First, this contention creates more problems than it solves. Simply put, the nuclear radiation rate necessary to make sense of a six-thousand-year-old universe would have been lethal to plant, animal, and human life.

Furthermore, physicists have not simply presumed decay rates to be consistent. They have made a concerted effort to disprove radiometric dating by subjecting radioactive atoms to extreme temperatures, extreme pressures, and a variety of electromagnetic variations. To date, however, no change in the rate of decay of any geologically significant radioactive isotope has been discovered.
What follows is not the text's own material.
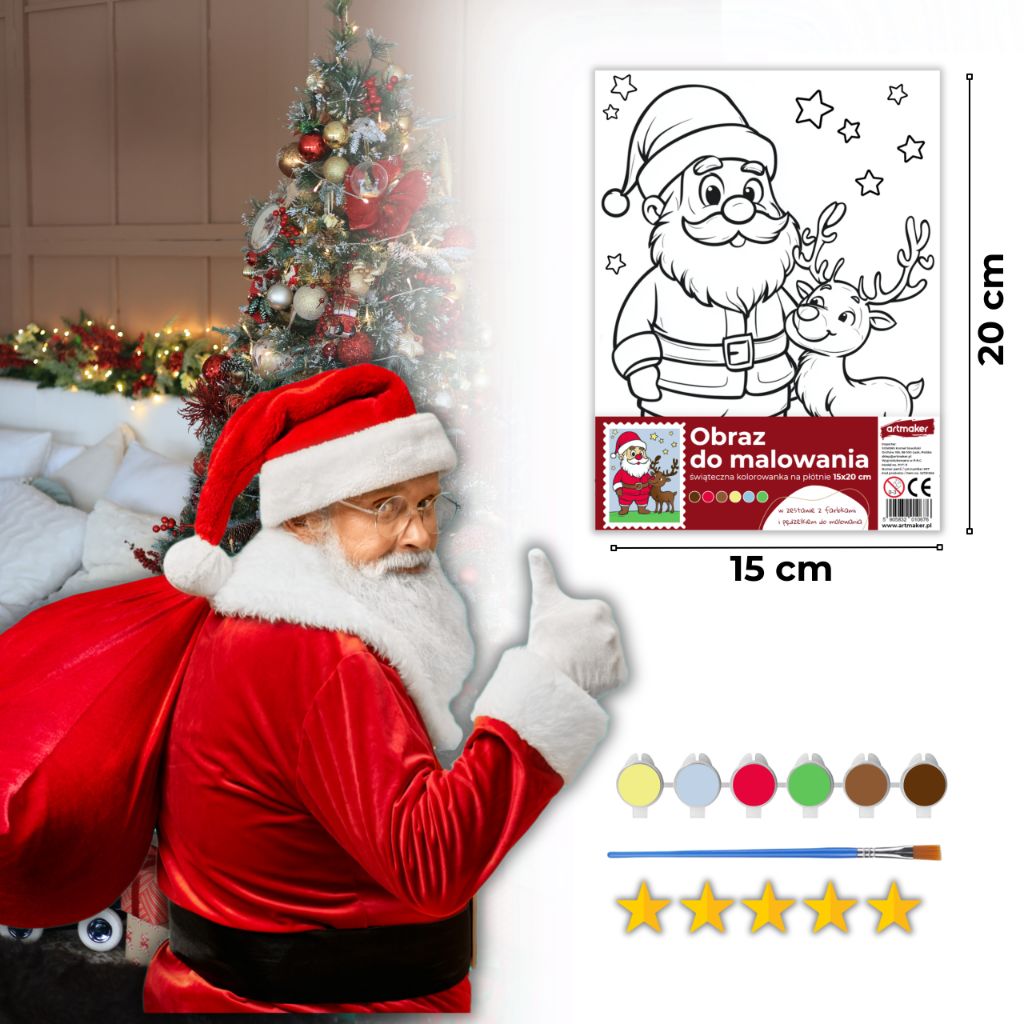 Płótno malarskie z nadrukiem świątecznym przedstawiającym Mikołaja to doskonały pomysł na prezent, który zachwyci zarówno dzieci, jak i dorosłych. Zestaw zawiera 6 farb akrylowych oraz pędzelek, dzięki czemu jest gotowy do malowania. Wymiary płótna 15x20 cm oraz grubość 1,5 cm sprawiają, że jest to idealny rozmiar na twórczą zabawę i stworzenie wyjątkowej dekoracji świątecznej.

Finally, the age of the earth as determined through radiometric dating processes corresponds to age parameters projected by such astronomical measurements as star life, which also demonstrates the age of the earth to be hundreds of times older than that presumed by young-earth creationists.

One thing is certain. Present projections regarding the age of the earth are wholly insufficient for the evolution of even the most basic of all protein molecules. Indeed, present age projections wholly undermine the evolutionary hypothesis.

He stood, and shook the earth;
he looked, and made the nations tremble.
The ancient mountains crumbled
and the age-old hills collapsed.
His ways are eternal.

Habakkuk 3:6


For further study, see Davis A. Young and Ralph F. Stearly, The Bible, Rocks, and Time: Geological Evidence for the Age of the Earth (Downers Grove, IL: IVP Academic, 2008).